The three boys I have. Dash is the BEW, Aero is the black self and Chase is the tan in the back.










This is Aero again. He got his name from my partner as well because he loves swinging off everything he can and jumping around like mad. He's fun to watch.










This is Dash. He was named by Gem who I got these three boys from. He really does live up to his name. He is fast and very, very crazy. One minute he is doing something somewhere and the next he's on the other side of the cage doing something completely different.










Last but not least my tan boy Chase. We named him Chase because he follows his big brother Dash around everywhere. He's the most timid but he's slowly coming out of his shell. He's a lovely boy.

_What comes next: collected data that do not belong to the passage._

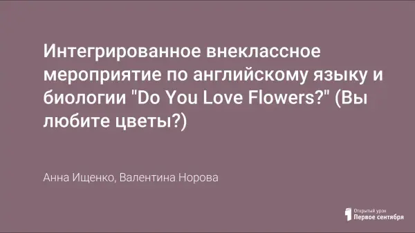 Интегрированное внеклассное мероприятие по английскому языку и биологии "Do You Love Flowers?" (Вы любите цветы?)
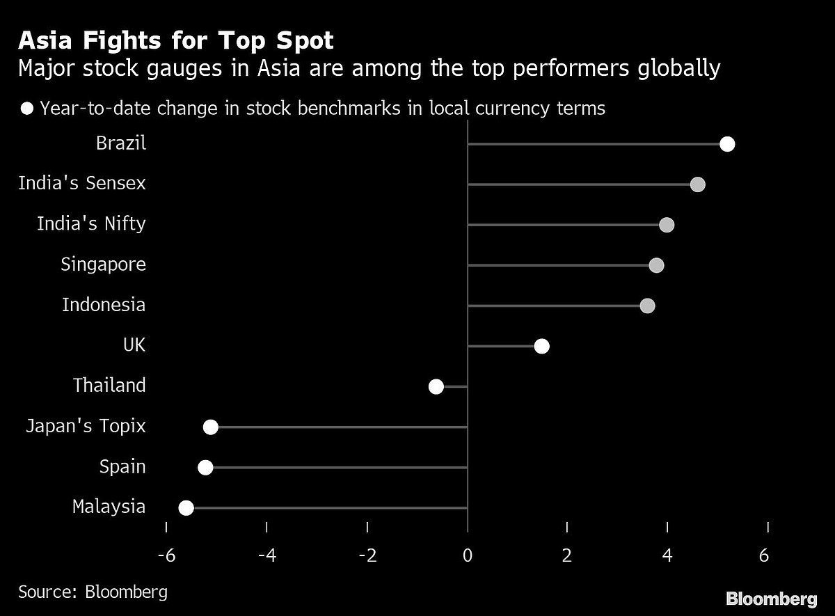 (Bloomberg) -- Three equity markets in Asia are competing to become the biggest gainers in the world this year, even as a stronger dollar hurt the appeal of the region.
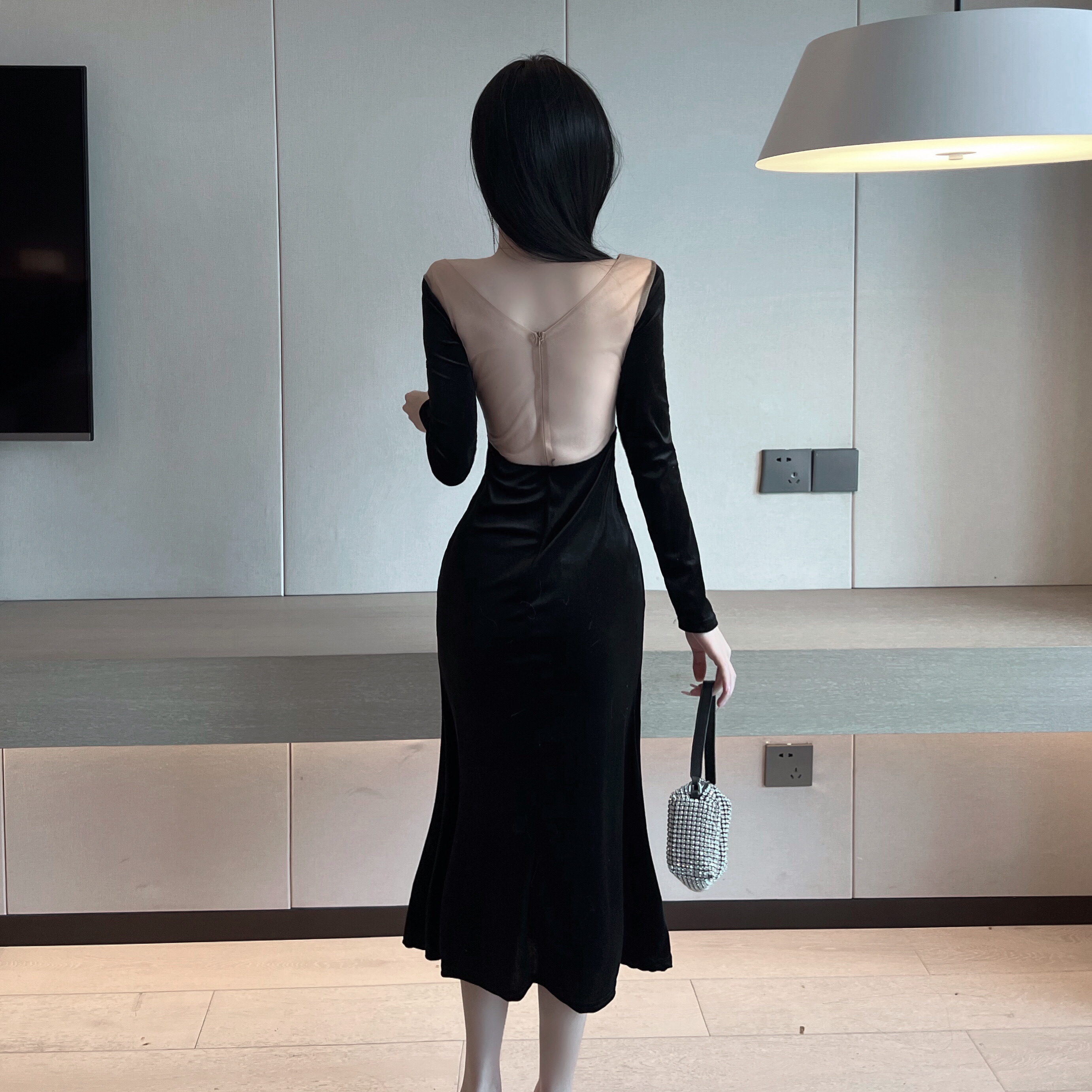 新款性感v领设计感丝绒长袖气质显瘦连衣裙

So that's everyone! Sorry for the photo overload..

Thanks for looking


----------



## Autumn2005 (Apr 21, 2010)

Pretty! We like pictures!


----------



## windyhill (Jan 19, 2010)

Such pretty mice! I love the fuzzy


----------



## moustress (Sep 25, 2009)

Button is even marked or broken marked; can't see her other side, but she looks pretty even from the front. You have some very lovely meeces. Your fuzzy is quite remarkable.


----------



## Cillah (May 20, 2010)

moustress said:


> Button is even marked or broken marked; can't see her other side, but she looks pretty even from the front. You have some very lovely meeces. Your fuzzy is quite remarkable.


Her other side doesn't have the stripe that goes back. It'sjust her face that is coloured on that side 

Thank you everyone for the compliments. I have a soft spot for my fuzzy girl too


----------



## zany_toon (Apr 3, 2010)

Chase is pretty


----------



## The Boggit keeper (Mar 5, 2010)

Cute mice!! 
Fudge looks a poppet


----------



## MarlaAlVutha (Nov 7, 2009)

They look so happy and well taken care of! Such lovely mice! I am very partial to broken fuzzies so dont be surprised if I steal Azzy!


----------



## Autumn2005 (Apr 21, 2010)

Where did you get your BEW Dash? And can I "Borrow" him?


----------



## Myth (May 22, 2009)

I think Sheen is very handsome...but I may be a bit biased. :lol:

Lovely collection of meeces Cilah

:love


----------



## horse656 (Jun 23, 2010)

lovely mice.
i love that azzy tried to bury fudge.


----------